WORK REQUIRED | Take the lines below beginning at the line that has "Die Mahlzeit auf" and stopping after the line that has "- Sizeable, open", and print them exactly as they are, with no other lines.

DATA TO USE |
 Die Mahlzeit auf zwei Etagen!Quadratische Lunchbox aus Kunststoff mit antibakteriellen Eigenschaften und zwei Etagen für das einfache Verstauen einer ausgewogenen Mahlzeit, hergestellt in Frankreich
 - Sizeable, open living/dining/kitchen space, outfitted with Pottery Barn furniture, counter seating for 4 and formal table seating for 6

--

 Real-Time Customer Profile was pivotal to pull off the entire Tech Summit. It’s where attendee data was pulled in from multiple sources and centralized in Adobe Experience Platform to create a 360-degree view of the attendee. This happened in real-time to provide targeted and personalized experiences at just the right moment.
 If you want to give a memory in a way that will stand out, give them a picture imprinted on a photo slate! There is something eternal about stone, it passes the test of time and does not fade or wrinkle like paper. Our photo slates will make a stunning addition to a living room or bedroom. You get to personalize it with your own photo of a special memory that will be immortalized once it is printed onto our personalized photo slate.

OUTPUT BELOW |
 Die Mahlzeit auf zwei Etagen!Quadratische Lunchbox aus Kunststoff mit antibakteriellen Eigenschaften und zwei Etagen für das einfache Verstauen einer ausgewogenen Mahlzeit, hergestellt in Frankreich
 - Sizeable, open living/dining/kitchen space, outfitted with Pottery Barn furniture, counter seating for 4 and formal table seating for 6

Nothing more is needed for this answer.